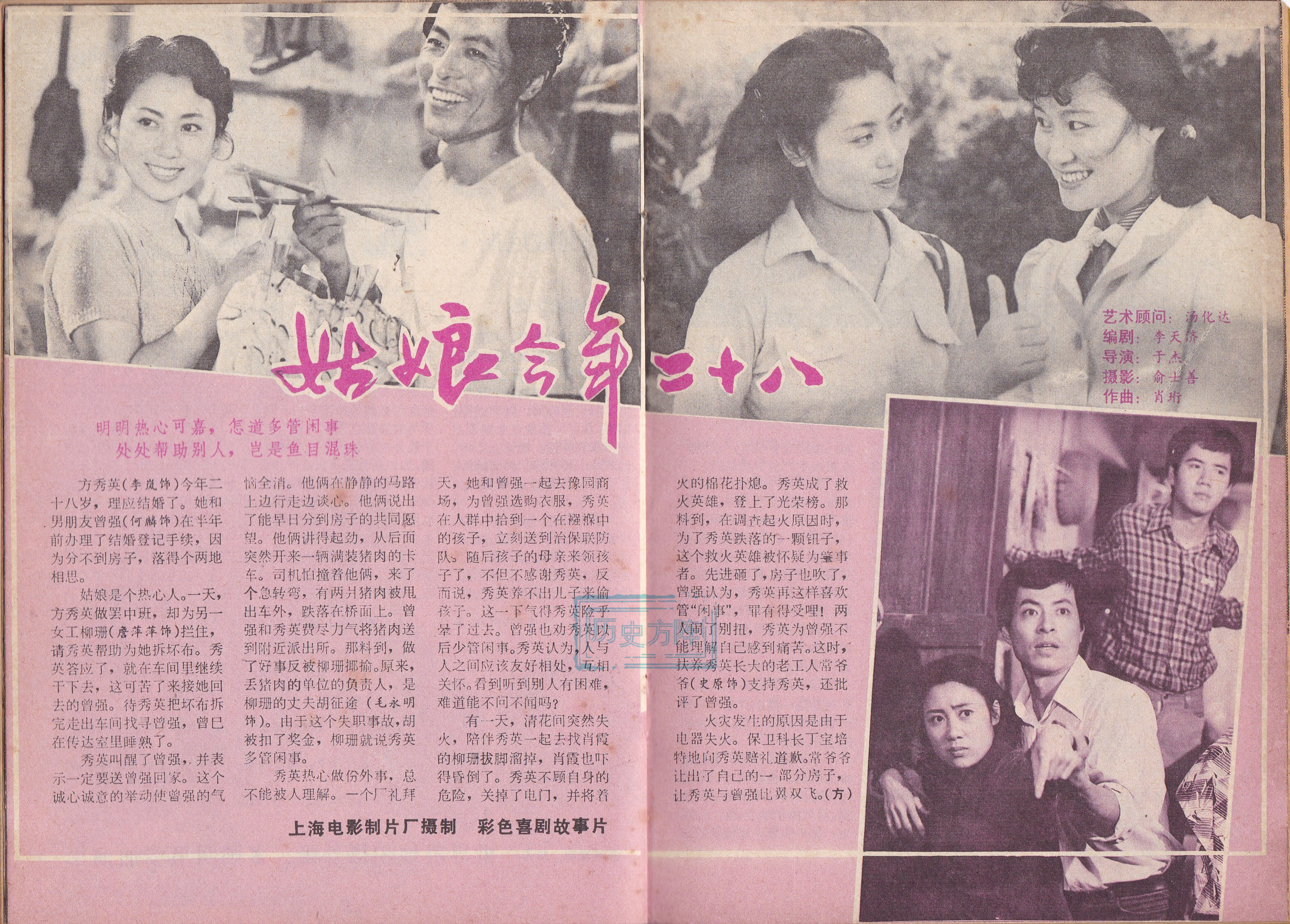 上海电影制片厂彩色故事片《姑娘今年28》,讲述了二十八岁的纺织女工与建筑工人的故事。李岚、詹萍萍、毛永明 、何麟等主演。
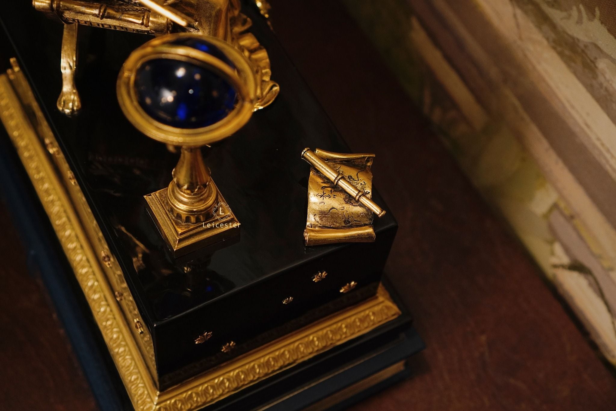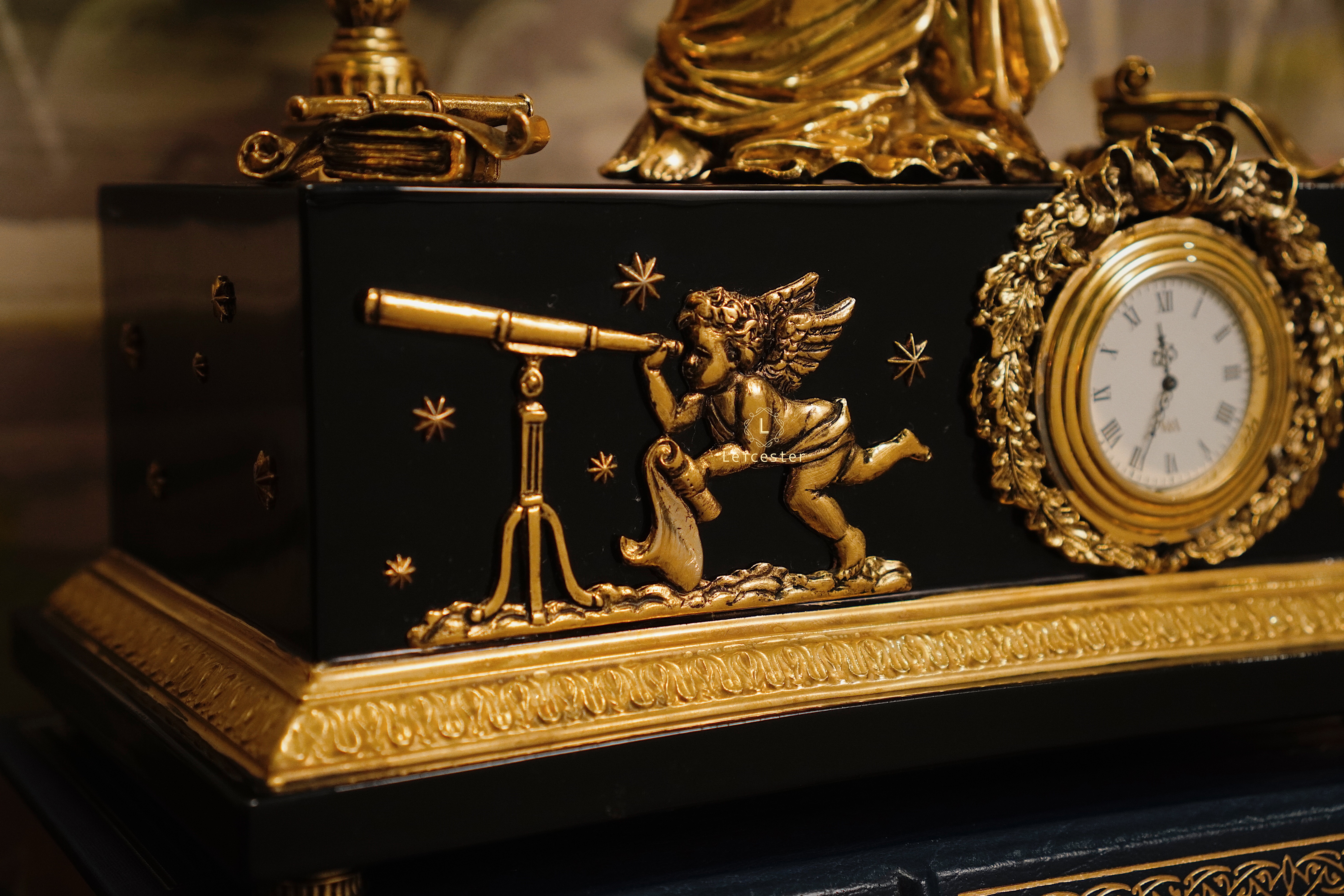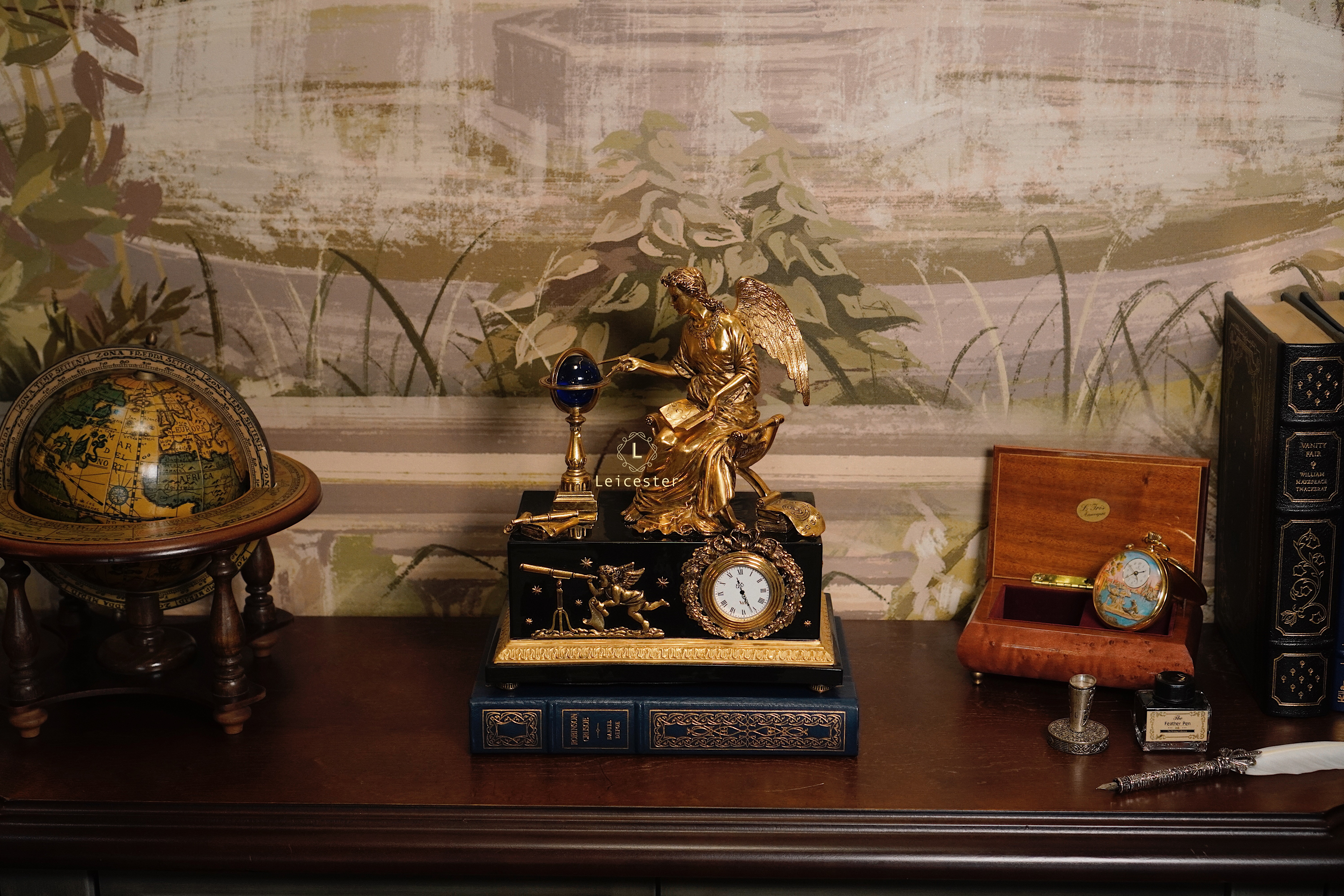 Đồng hồ để bàn Angel of the New Age không chỉ là một chiếc đồng hồ thông thường mà còn là biểu tượng của sự kết hợp giữa nghệ thuật cùng chức năng thực tiễn. Điểm nhấn cho toàn bộ thiết kế là hình ảnh một thiên thần đang ngồi nhìn về phía quả cầu thuỷ tinh với những biểu tượng thiên văn học vẽ trên đó. Mặt đồng hồ được gắn ở mặt trước phần đế, kế bên là hình ảnh một thiên thần nhỏ đang cầm kính viễn vọng, biểu tượng cho sự khám phá và tri thức. Đây không chỉ là một tác phẩm đầy sự tinh tế, sang trọng, quý phái mà còn mang lại giá trị lịch sử và nghệ thuật sâu sắc.
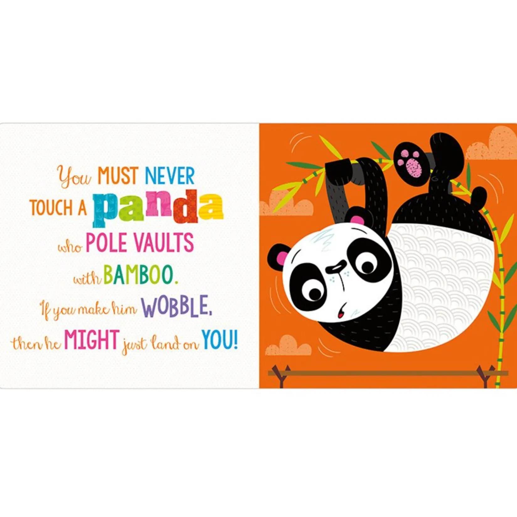 Never touch a panda . . . unless it’s in this book! This new addition to the Never Touch a…. series features four sporty animals, and is accompanied by a silly rhyme that is sure to make little ones laugh! Children will love touching the bumpy silicone touches on every page, and Stuart Lynch’s funny illustrations are sure to make this a hit with all families.
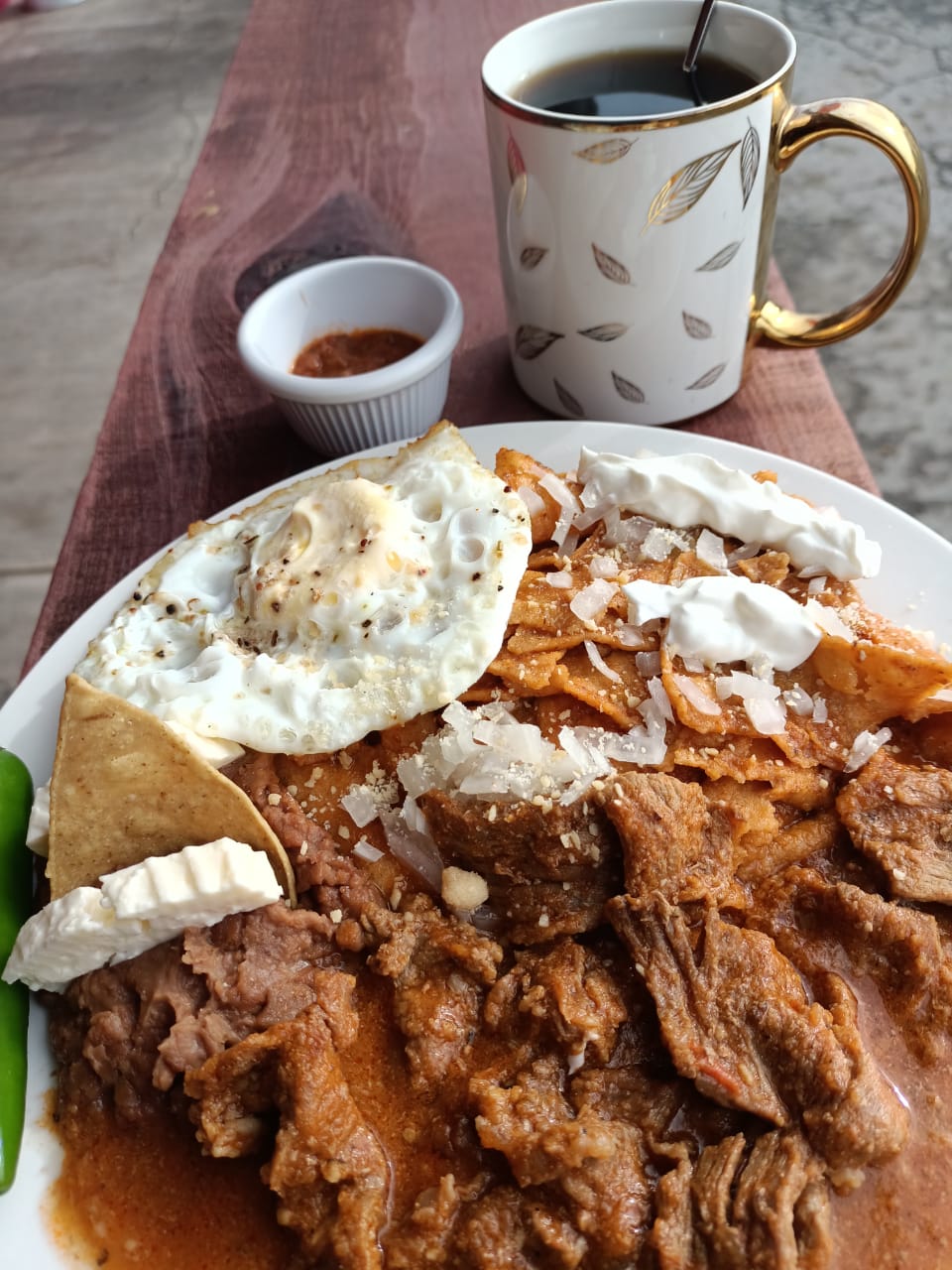 200gr de Carne con chile acompañado de chilaquiles rojos y frijoles guisados , 1 huevo estrellado y cafe americano.
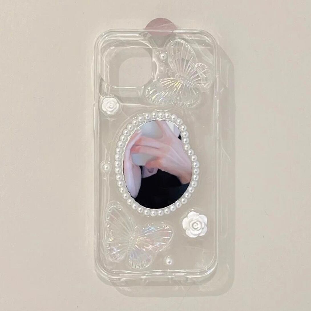 蝶のiPhoneケース 나비 ミラー 鏡付き バタフライ ナビ 蝶々 レジン クリアケース スマホ ニュアンスカラー オレンジ ベージュ 韓国ファッション 韓国雑貨

-=-=-

### Task instructions
Reproduce the data above in full, exactly as it is, with the pictures left out.

### Written answer
 上海电影制片厂彩色故事片《姑娘今年28》,讲述了二十八岁的纺织女工与建筑工人的故事。李岚、詹萍萍、毛永明 、何麟等主演。
 Đồng hồ để bàn Angel of the New Age không chỉ là một chiếc đồng hồ thông thường mà còn là biểu tượng của sự kết hợp giữa nghệ thuật cùng chức năng thực tiễn. Điểm nhấn cho toàn bộ thiết kế là hình ảnh một thiên thần đang ngồi nhìn về phía quả cầu thuỷ tinh với những biểu tượng thiên văn học vẽ trên đó. Mặt đồng hồ được gắn ở mặt trước phần đế, kế bên là hình ảnh một thiên thần nhỏ đang cầm kính viễn vọng, biểu tượng cho sự khám phá và tri thức. Đây không chỉ là một tác phẩm đầy sự tinh tế, sang trọng, quý phái mà còn mang lại giá trị lịch sử và nghệ thuật sâu sắc.
 Never touch a panda . . . unless it’s in this book! This new addition to the Never Touch a…. series features four sporty animals, and is accompanied by a silly rhyme that is sure to make little ones laugh! Children will love touching the bumpy silicone touches on every page, and Stuart Lynch’s funny illustrations are sure to make this a hit with all families.
 200gr de Carne con chile acompañado de chilaquiles rojos y frijoles guisados , 1 huevo estrellado y cafe americano.
 蝶のiPhoneケース 나비 ミラー 鏡付き バタフライ ナビ 蝶々 レジン クリアケース スマホ ニュアンスカラー オレンジ ベージュ 韓国ファッション 韓国雑貨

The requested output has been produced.